### Required action
Scan the records below. List lines holding "pattern".

(Extracted data entries)
====================
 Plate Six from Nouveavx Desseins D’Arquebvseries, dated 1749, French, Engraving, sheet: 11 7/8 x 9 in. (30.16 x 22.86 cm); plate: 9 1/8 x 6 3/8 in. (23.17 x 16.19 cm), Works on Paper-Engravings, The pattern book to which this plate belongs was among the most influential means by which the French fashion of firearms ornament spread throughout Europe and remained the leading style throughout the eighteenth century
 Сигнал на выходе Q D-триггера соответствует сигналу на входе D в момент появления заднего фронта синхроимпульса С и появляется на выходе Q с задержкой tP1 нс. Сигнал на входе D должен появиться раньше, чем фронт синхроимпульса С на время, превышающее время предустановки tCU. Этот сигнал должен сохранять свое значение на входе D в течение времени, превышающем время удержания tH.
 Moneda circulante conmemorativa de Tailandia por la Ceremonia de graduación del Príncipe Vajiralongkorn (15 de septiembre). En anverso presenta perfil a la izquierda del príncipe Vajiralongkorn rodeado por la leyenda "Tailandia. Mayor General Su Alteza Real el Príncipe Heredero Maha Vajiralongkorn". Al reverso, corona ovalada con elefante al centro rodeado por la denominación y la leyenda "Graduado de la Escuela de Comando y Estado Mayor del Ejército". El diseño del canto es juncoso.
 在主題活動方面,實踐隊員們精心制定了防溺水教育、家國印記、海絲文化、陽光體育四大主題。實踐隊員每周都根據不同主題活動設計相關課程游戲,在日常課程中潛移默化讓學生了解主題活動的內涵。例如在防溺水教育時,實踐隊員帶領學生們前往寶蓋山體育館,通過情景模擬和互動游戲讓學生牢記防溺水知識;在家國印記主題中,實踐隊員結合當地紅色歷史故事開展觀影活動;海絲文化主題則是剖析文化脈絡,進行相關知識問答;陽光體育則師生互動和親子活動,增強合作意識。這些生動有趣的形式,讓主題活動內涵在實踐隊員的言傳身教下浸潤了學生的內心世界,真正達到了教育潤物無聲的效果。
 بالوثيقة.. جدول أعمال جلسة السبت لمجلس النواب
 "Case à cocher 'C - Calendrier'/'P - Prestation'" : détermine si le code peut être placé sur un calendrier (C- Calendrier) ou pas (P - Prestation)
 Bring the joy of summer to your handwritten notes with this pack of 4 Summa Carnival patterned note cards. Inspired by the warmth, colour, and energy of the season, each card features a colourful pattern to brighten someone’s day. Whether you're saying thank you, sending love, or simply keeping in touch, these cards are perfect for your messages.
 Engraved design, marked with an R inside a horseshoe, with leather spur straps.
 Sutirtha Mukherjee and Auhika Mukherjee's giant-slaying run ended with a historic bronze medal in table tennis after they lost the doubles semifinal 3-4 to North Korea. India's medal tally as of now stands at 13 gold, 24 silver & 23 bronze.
====================
### Answer box
 Plate Six from Nouveavx Desseins D’Arquebvseries, dated 1749, French, Engraving, sheet: 11 7/8 x 9 in. (30.16 x 22.86 cm); plate: 9 1/8 x 6 3/8 in. (23.17 x 16.19 cm), Works on Paper-Engravings, The pattern book to which this plate belongs was among the most influential means by which the French fashion of firearms ornament spread throughout Europe and remained the leading style throughout the eighteenth century
 Bring the joy of summer to your handwritten notes with this pack of 4 Summa Carnival patterned note cards. Inspired by the warmth, colour, and energy of the season, each card features a colourful pattern to brighten someone’s day. Whether you're saying thank you, sending love, or simply keeping in touch, these cards are perfect for your messages.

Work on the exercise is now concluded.